Interview with Deborah Loh

Major

Communication

Current Position

Journalist

GC Graduation Year

1996


Why or how did you choose your field? Were there specific experiences that influenced you?

Since I was a teenager, I’ve always wanted to be a journalist. There were no specific influences; I was just drawn to the idea of exploring, witnessing history in the making, meeting new people, and being able to tell their stories.

Gradually, I learned about the role of the media as a watchdog on society and government and the importance of its public service role. I got drawn to the idea that as a journalist, I could help build communities, or bridge them where there were divides, and hold power and authority accountable. These things sealed my decision to become a journalist.

What’s exciting about your job or field?

Meeting people, being in places, and having experiences I wouldn’t otherwise have had. The chance to discover something new about the world, my country or about someone every day in the course of covering the news. Being able to contribute to public discourse about pressing issues facing my country.

What has been a challenge in your career journey?

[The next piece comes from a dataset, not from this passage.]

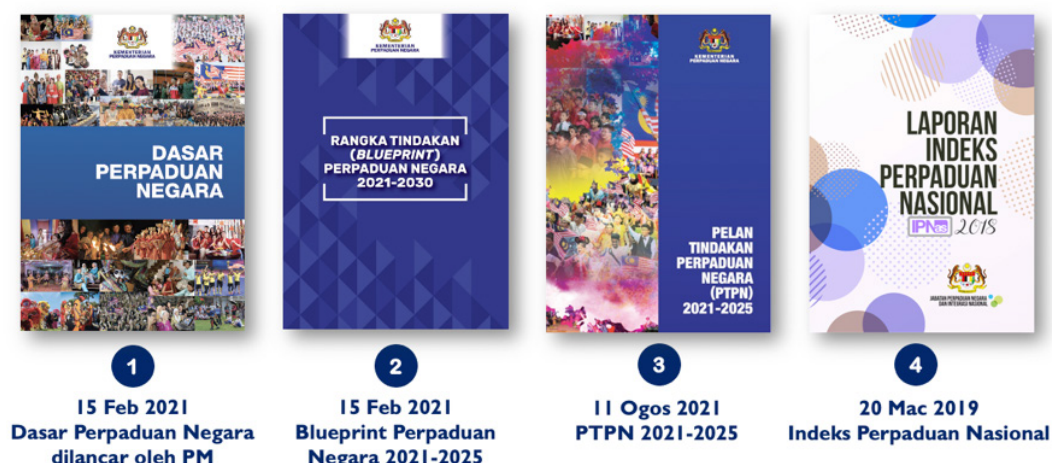
RAJAH 2. Dokumen Utama Kerajaan Berkenaan Perpaduan Negara

Perlu juga dinyatakan dengan pengenalan konsep perpaduan tiga serangkai ini, pihak Kementerian Perpaduan Negara telah menjadikannya konsep asas dalam membina Dasar Perpaduan Negara (DPN, Rangka Kerja (Blueprint) Perpaduan Negara RKP, Pelan Tindakan Perpaduan Negara (PTPN) dan Indeks Perpaduan Nasional (IPNas).

To write with a fresh perspective, to write with hope and not be jaded, especially when repeatedly covering the same issues, eg. systemic corruption in the public sector, political scandal, or communal politics.

Looking back, would you do anything differently?

I would not have done a major in mass communications. I would have done mass comm as a minor instead, and for a major, studied something like history, politics, law, sociology, or economics. In hindsight, I feel writing for the media and learning about journalistic principles was something I could have learned in a minor, and honed on the job. But having in-depth knowledge of a particular field would be advantageous, I feel, when covering news beats like politics, business, or science. I now know many journalists who were previously lawyers, accountants, bankers, and who were trained in these other disciplines.

I think specializing in an area of writing might also be the way forward in journalism careers because of social media. Now, anyone can be a citizen journalist by observing an event and posting their observations or commentary online. I’m wondering if, the more democratized information and news gets, the more necessary specialist writers will become to media organizations as a matter of positioning and value-add. And if you one day no longer want to be a journalist, you have another discipline to fall back on when looking for a new job.

How did your liberal arts education assist you in your journey?

It was precisely because of a multicultural, liberal arts education and the broad thinking that came along with that kind education that helped me to grasp concepts from various disciplines so that I could write on a range of topics throughout my career.

Did anyone offer you some memorable advice that you’d like to pass on? Or…what advice would you give to a young person just starting out?

Various bits of advice I’ve received over time from colleagues:

  • If you already know that you want to be a journalist, think about what kind of journalism you want to do, what you want to write about. Then work towards specializing in that field.
  • Have an opinion. A neutral article is boring and may not help further public discourse. Objectivity in the news is a myth; rather, it is a tool that helps you form your opinion as fairly as possible.
  • Be patient when you first start out. Cover every mediocre assignment given to you. Sometimes your editors want to see what you’re made of, rather than how well you write or what you know.